J Henry Schroder Wagg, the corporate finance arm of Schroders, had recently taken an additional 40,000sq ft in TSB's old head office in Milk Street, Mr Gillon said. The American investment bank JP Morgan had taken more space in its Ludgate offices while the UK merchant bank Close Brothers has moved to a new head office.

Mr Gillon said that information providers and medium-sized legal practices were also benefiting from the recovery in City business generally. Thomson Financial Services is taking more space in the Aldgate offices it moved to last year, while at least four law firms are looking for space.

The City of London Corporation is fearful that it will lose the large overseas investment banks currently looking for space at Canary Wharf, since there is an acute shortage of modern, large office buildings in the City. In particular, the investment banks seeking to move are looking for premises with football field-sized spaces for dealing floors.There is a surfeit of poor-grade buildings, which will probably never be let again and urgently need redeveloping.

Mr Lethbridge pointed out that there is 6.36 million square feet of vacant office space in the City, or 9.5 per cent of all existing office buildings. This compares to just 2 per cent in the boom years of the late 1980s and up to 16 per cent in the depths of the recession.

Less than half this vacant space consists of buildings that would be considered "grade A'', Mr Gillon said. Nevertheless the German banks that together have decided to make London the home of their investment banking operations are determined to stay in the City - even if this means building their own offices, he said.

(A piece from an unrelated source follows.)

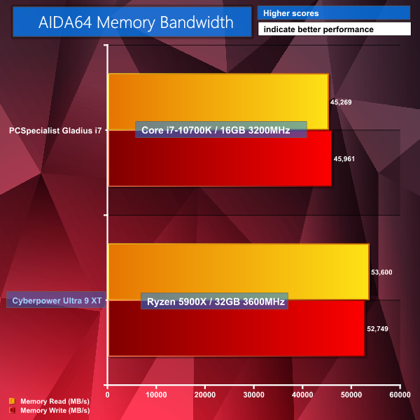 Looking at our memory benchmarks also shows our system take a strong win against the PCSpecialist system, but again we have double the RAM that also runs at higher frequencies.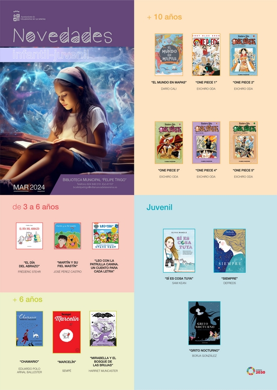 Por último, las novedades para el público infantil son diversas. Entre ellas se encuentran, “El día del abrazo” de Frédéric Stehr, “Martín y su fiel mastín” de José Pérez, “Leo con la patrulla canina. Un cuento para cada letra”, “Chamario” de Eduardo Polo y Arnal Ballester, “Marcelín” Sempé, “Mirabella y el bosque de las brujas” de Harriet Muncaster, “El mundo en mapas” de Arío Cali, “One piece 1, 2, 3, 4 y 5” de Ellchiro Oda, “Si es cosa tuya” de Sam Kean, “Siempre” de Defreds y “Grito nocturno” de Borja González.

The trailblazer was Deutsche Bank in the summer. It decided to build its own 300,000sq ft head office next to its recently acquired subsidiary Morgan Grenfell in Winchester Avenue. Its determined hiring to build up the investment banking operations - some 80 people have been taken on since the beginning of the year, many from Warburgs - has contributed to another phenomenon, a surge in pay.

Rival banks are beginning to complain vociferously of the way the rash of cheque-book poaching is helping to push up remuneration levels.